00:30:02.200 | They do say here that, however, it is not primarily a generative model, and as such,
00:30:07.760 | it has not been trained to and therefore cannot generate a long context sequence, so it might
00:30:12.040 | predict the next mask and so on in specific ways, but it's not like it's gonna go and
00:30:17.600 | tell you or just cossign you in length.
00:30:21.760 | It might say something harmful.
00:30:25.400 | In terms of the scaling, besides the architectural modifications, a key aspect of the study is
00:30:31.040 | data scaling.
00:30:32.360 | However, other scaling access they note in terms of parameter are still left unexplored,
00:30:39.200 | so there's -- so what the authors, I think, are saying here is that there's a lot of room
00:30:43.240 | for improvement, even if this is a large bump in improvement already.
00:30:48.920 | And I think that's it.
00:30:50.920 | That's all, like, the highlights that I put when I was going over it.
00:30:54.740 | If anybody else has another comment or wants to touch on something else.
00:31:05.480 | >> I think one thing the authors did that's implicit is compare it only against the BERT
00:31:11.960 | models rather than comparing it against the other, like, collection of them.
00:31:16.360 | I mean, certainly sizes are different if you were to go on, like, the MTB leaderboard and
00:31:22.640 | look at them.
00:31:24.080 | Yeah, I was somewhat surprised whenever I started to read into it.
00:31:29.200 | I thought there might be some mention of the other encoding models that are out there,
00:31:34.040 | but that wasn't the case.
00:31:37.000 | >> Yeah, there's a lot of variations of BERT, so I can imagine they pick -- they only pick
00:31:45.680 | a selected few for specific reasons.
00:31:47.240 | They do mention in the paper why they pick a couple of them.
00:31:51.400 | So the BERT or the Roberta and also obviously the base BERT, but they definitely could have
00:32:03.560 | gone or maybe just left it for the reader to do a bit more testing and put stuff out
00:32:09.160 | there.
00:32:12.160 | >> Sorry, I didn't -- your audio cut out for a bit.
00:32:26.880 | I didn't hear what you said.
00:32:27.880 | >> Oh, sorry.
00:32:28.880 | I was saying that I appreciate that you put the NDCG explainer there, the link.

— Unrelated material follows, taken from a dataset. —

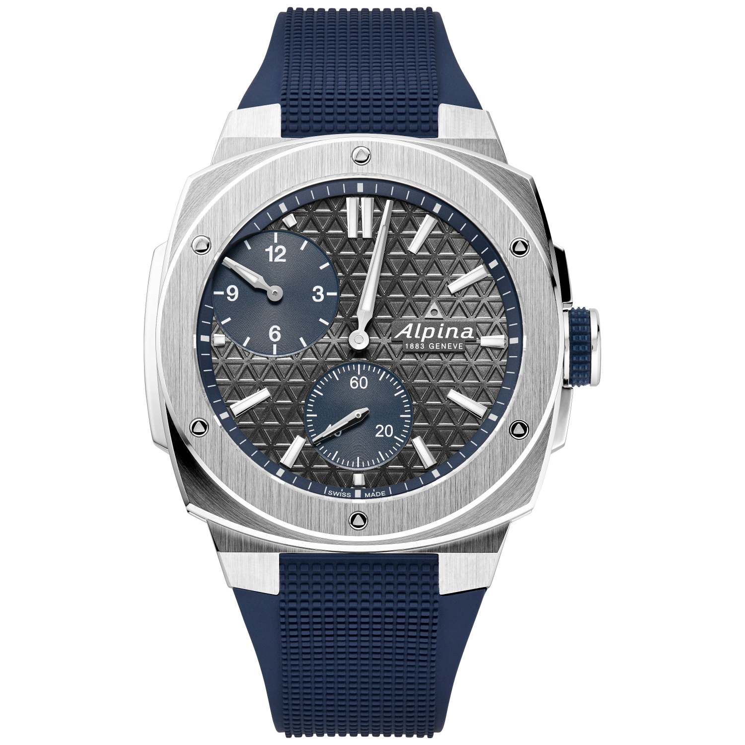 Automatic movement with 31 jewels and 38 hour power reserve. Navy rubber strap with push button folding buckle. Dark gray dial with separate display of hours minutes and seconds. Luminous stick markers and seconds hand. Navy blue hour counter at 10 position and seconds counter at 6 position. Navy outer ring with white markers. Silver-tone stainless steel bezel and see-through case back. Case thickness: 12mm. Case size: 41mm x 42.5mm. Water resistant to 200 M. 2-Year manufacturer limited warranty.

00:32:34.580 | >> It's a ranking similarity thing.
00:32:37.120 | Yeah.
00:32:38.120 | Yeah.
00:32:39.120 | I just -- I feel like they could just say ranking score and then, you know, footnote
00:32:43.400 | NDCG, but it's the same thing.
00:32:46.400 | It's always hard to remember all these things when you have -- you don't live in this world
00:32:50.840 | all the time.
00:32:54.600 | I think we have Benjamin who said that he wanted to talk after we finish recording.

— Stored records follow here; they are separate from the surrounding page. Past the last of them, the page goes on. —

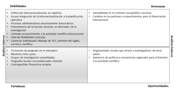 En cuanto a los factores externos, se sistematizan algunas oportunidades favorables del entorno que podrían aprovecharse para potenciar la actividad científica transnacional; se considera que las singularidades del contexto local son un factor que puede atraer iniciativas de colaboración científica con académicos en otros países y que la integración con las políticas y mecanismos regionales para el fortalecimiento de la actividad investigadora sirve al fortalecimiento de la internacionalización universitaria. Finalmente, se identifican ciertas amenazas a la colaboración internacional; factores externos como la inestabilidad sociopolítica del país que podría desalentar la movilidad o asocio con actores nacionales o los cambios en los patrones de financiamiento internacional que puedan afectar negativamente a las iniciativas internacionales de investigación deben ser tenidos en cuenta para la formulación de estrategias de afrontamiento orientadas a aminorar sus efectos.
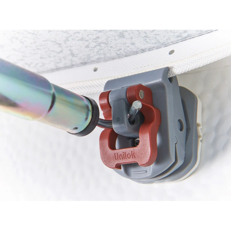 – Sangles tempêtes : 2 sangles réglables et amovibles fixées au sol par piquets acier, prolongés avec ressorts
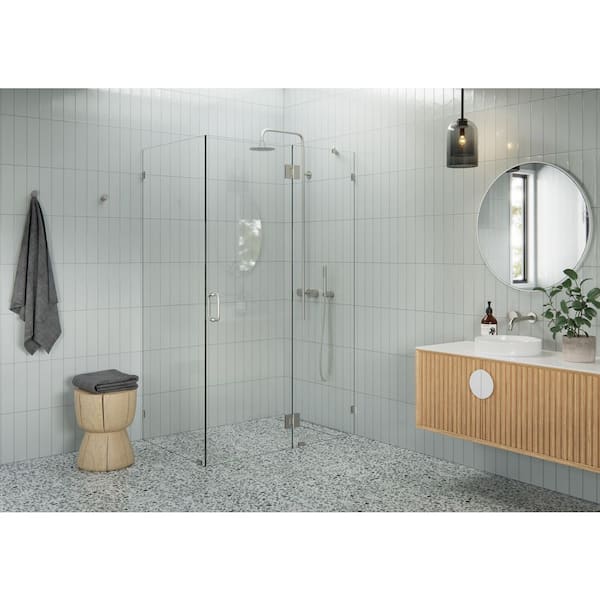 46 in. W x 33 in. D x 78 in. H Pivot Frameless Corner Shower Enclosure in Brushed Nickel Finish with Clear Glass

00:33:02.720 | I really recommend reading the blog post.
00:33:05.840 | That was very much more my level.
00:33:09.440 | I don't really get involved in the training side.

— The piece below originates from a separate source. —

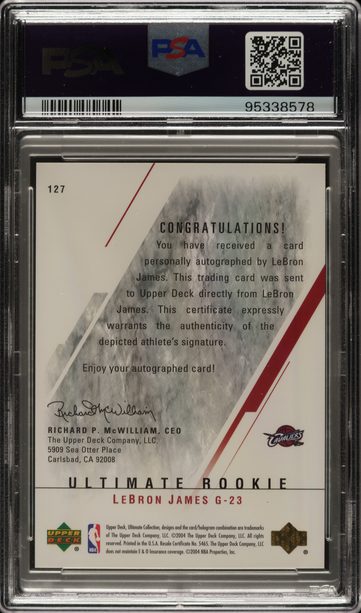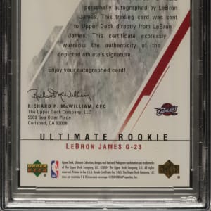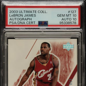 Graded GEM MINT 10 by PSA with a GEM MINT 10 signature. Superb ultra high-grade example of LeBron James' rookie card from the 2003-2004 Upper Deck Ultimate Collection Basketball Autographs series. One of the most dominant forces the game has ever seen, this card has emerged in recent years as one of James' most desirable and valuable rookie cards. This example is a gem! Brilliant colors, crisp image, four sharp corners, perfect centering, and a flawless surface featuring a perfectly executed autograph. This is a stunning example of this future Hall of Famer's rookie card in unparalleled high grade!
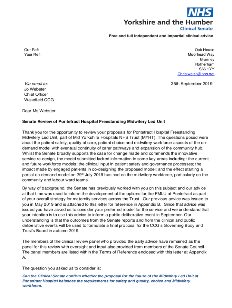 Our Ref: Your Ref:Via email to: Jo Webster Chief Officer Wakefield Cloak House Muirhead Way Bradley Rotterdam S66 1YY Chris.welshers.net25th September 2019Dear Ms Webster Senate Review of Contract

00:33:11.320 | I just want to see -- understand what I need to know as a user of the thing.
00:33:16.040 | And then potentially as a fine tuner, you know, for stuff.
00:33:19.280 | So but I think like a very major advance, I think it's going to be a workhorse tool.
00:33:24.640 | So like I think multiple of us picked this last week and for good reason.
00:33:28.520 | So I think we're happy to cut over to the offline part of the Convo, unless anyone else
00:33:34.120 | has things to share.
00:33:37.600 | Okay.
00:33:38.600 | All right.
00:33:39.600 | I will pause recording and then Ben, Benjamin, you can come up.